In this article, we will take a look at the 10 worst performing real estate investment trusts in 2024.
The Real Estate Sector Post-Fed Rate Cut
Real estate is one of the sectors that has been looking forward to the Fed rate cuts. While the rate cuts were kicked off with a half-percentage point reduction on September 18, the probability of future rate cuts remains on the horizon. Logan Mohtashami, HousingWire analyst, deems the post-Fed cut housing market confusing for the consumer. In an interview with CNBC, he reiterated that consumers naturally assume mortgage rates dropping with progress on inflation. If mortgage rates drop to 6% and stay there, sales which are trending at the lowest levels in history for the third calendar year could grow. In his opinion, the monetary policy is still restrictive for housing although expanding for the economy. On the optimistic side, he sees price growth cooling and active inventory growing. However, rates need to stay at the 6% level as shooting up from there won’t work for the housing market.

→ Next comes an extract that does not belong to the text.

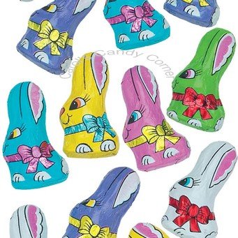 - Long eared rabbits foil wrapped six different colored bunny foils, decorated for Easter with ribbon around their neck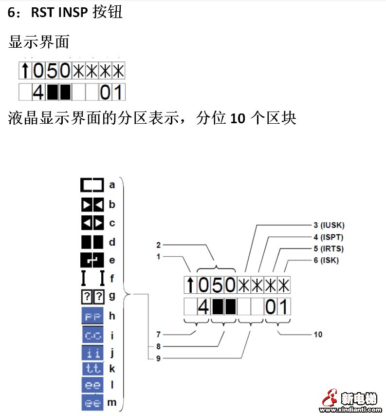 2) 當(dāng)“-”線條處于顯示位的下部分時(shí)表示電梯處于下行強(qiáng)迫換速(KSE-D)的位置

Regarding commercial real estate, the Fed’s shift in policy is “the most notable green shoot” according to Wells Fargo analysts since it lays the groundwork for a commercial real estate recovery although it is not a magic bullet. On September 23, Willy Walker, Walker & Dunlop Chairman and CEO appeared on CNBC to analyze the state of commercial real estate post-Fed rate cuts. According to him, the easing phase has driven volumes in commercial real estate. He expects the sector to be healthy as rates go down further. Regarding the residential real estate in the prevailing US political scenario, he sees a huge policy shift between Biden calling for 5% rent control on a nationwide basis to Kamala Harris calling for 3 million new homes over the next four years. Walker suggested a nice thing in the current circumstances would be a proposal from Trump’s admin, similar or distinct to Harris’, entailing what he is going to do about housing since housing is a major US issue.
Previously, Warren Wachsberger of Eldridge Acre Partners joined CNBC to emphasize that the short-term issues facing US commercial real estate have created an investment opportunity. These issues include higher interest rates, less credit availability, and supply-demand imbalances. Hence, the market stress creates a lot of opportunity to invest in the sector.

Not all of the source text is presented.